Ukrayna Bilgisayar Acil Durum Müdahale Ekibi (CERT-UA) uyarıldı Ukrayna Güvenlik Servisi gibi davranarak uzaktan masaüstü erişimi sağlayabilen kötü amaçlı yazılımlar dağıtmayı amaçlayan yeni bir kimlik avı kampanyası.
Kurum, faaliyeti UAC-0198 adı altında izliyor. Temmuz 2024’ten bu yana ülkedeki hükümet organlarıyla ilgili olanlar da dahil olmak üzere 100’den fazla bilgisayarın enfekte olduğu tahmin ediliyor.
Saldırı zincirleri, MSI yükleyici dosyası içeren bir ZIP arşiv dosyasının iletilmesi için e-postaların toplu olarak dağıtılmasını ve bu dosyanın açılmasıyla ANONVNC adı verilen kötü amaçlı yazılımın dağıtılmasını içeriyor.
ANONVNC, açık kaynaklı bir uzaktan yönetim aracına dayanan bir araçtır. AğAjanenfekte olmuş bilgisayarlara gizlice yetkisiz erişime izin verir.
Gelişme CERT-UA olarak geliyor atfedilen UAC-0102 adlı bilgisayar korsanı grubu, kullanıcıların kimlik bilgilerini çalmak için UKR.NET’in giriş sayfasını taklit eden HTML ekleri yayarak kimlik avı saldırıları düzenliyor.

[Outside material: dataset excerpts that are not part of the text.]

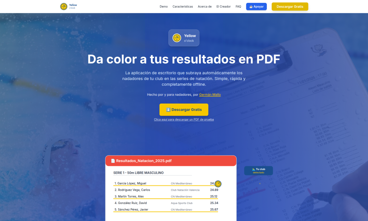 Yellow o'clock detecta automáticamente el nombre del club especificado dentro del documento y resalta visualmente a todos sus nadadores en segundos. La herramienta funciona localmente en el ordenador del usuario, garantizando privacidad y funcionalidad sin necesidad de conexión a internet.
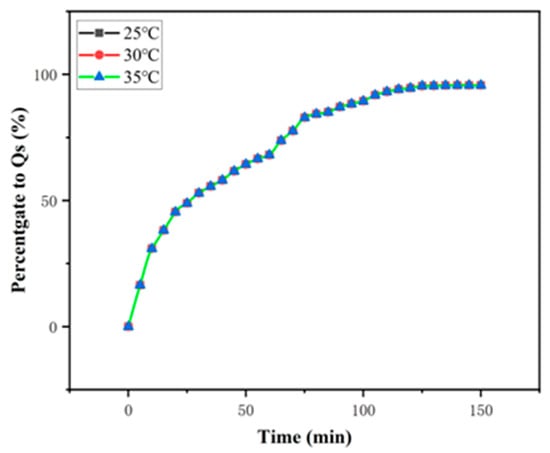 Traditional porous hygroscopic materials are sensitive to temperature adsorption because the diffusion of water vapor from the air into a nanopore is the rate-determining step. To verify the different moisture-capturing mechanisms of PNIPAm/PPy under different temperatures, the experimental temperatures were set as 25 °C, 30 °C, and 35 °C, with the other conditions remaining the same. As shown in Figure 6, the experimental curves almost coincide at the temperatures of 25 °C, 30 °C, and 35 °C. The results show that the hygroscopicity of PNIPAm/PPy was almost independent of temperature when the temperature was below 40 °C, which means that in terms of the application conditions of building air-conditioning systems, PNIPAm/PPy shows steady hygroscopicity.
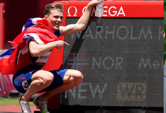 Trong màn lên ngôi của các kỷ lục trong môn điền kinh có vai trò đáng kể của cuộc chiến vật chất trong ngành sản xuất đồ thể thao. Đối với cú chạy tuyệt vời, đôi giầy của Warholm tỏ ra cực kỳ hữu ích. Hãng trang bị đồ thể thao Puma đã kết hợp với các kỹ sư của cuộc đua công thức 1 của Mercedes để phát triển một loại đinh-công nghệ cao. Phần nguyên liệu bên cho phần trên được làm bằng sợi carbon, phần đế cũng là một miếng carbon có thể uốn cong và ngay lập tức trở về hình dáng. “Loại giày này giúp tôi giữ được sức bền lâu hơn để dồn vào cú bung sức ở 100 mét cuối cùng”, Warholm đã nói về hiệu ứng này của đôi giầy. Bên cạnh Warholm còn có Andre De Grasse, vận động viên cự ly tốc độ người Canada, sử dụng loại giầy này.
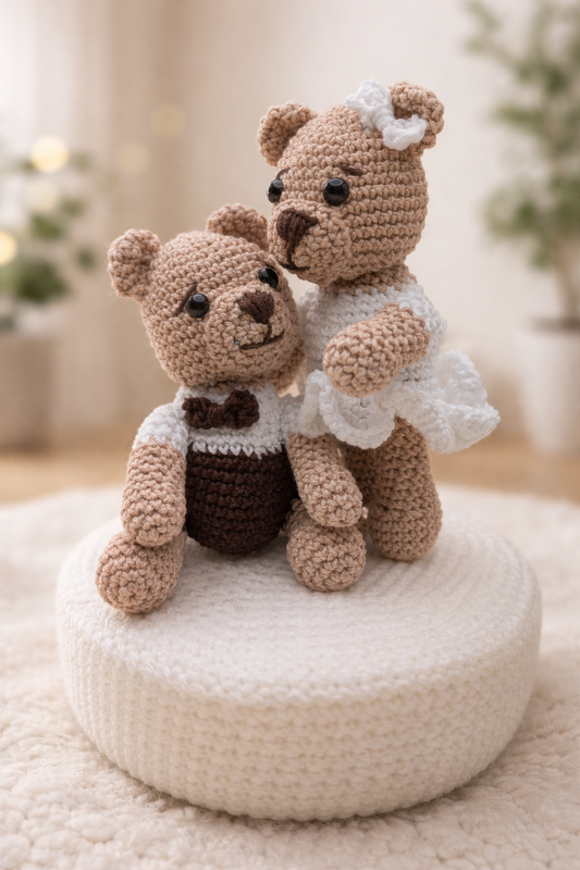 Diese Häkelanleitung ist für alle gedacht, die mehr verschenken möchten als nur ein handgemachtes Stück. Ob als Hochzeitsgeschenk, zur Verlobung, zum Jahrestag oder als bleibende Erinnerung an einen großen Tag – die Teddys sind ein Symbol für Nähe, Geborgenheit und Verbundenheit. Jeder Stich trägt dazu bei, etwas Einzigartiges zu erschaffen, das von Herzen kommt.

Geçtiğimiz birkaç hafta içinde, kurum ayrıca PicassoLoader kötü amaçlı yazılımını dağıtan ve Cobalt Strike Beacon’ı tehlikeye atılmış sistemlere yerleştirmeyi amaçlayan kampanyalarda bir artış konusunda uyardı. Saldırılar, UAC-0057 olarak izlenen bir tehdit aktörüyle ilişkilendirildi.
“UAC-0057’nin ilgi nesnelerinin hem proje ofislerinin uzmanları hem de Ukrayna’nın ilgili yerel yönetimlerinin çalışanları arasından ‘yüklenicileri’ olabileceğini varsaymak makuldür,” CERT-UA söz konusu.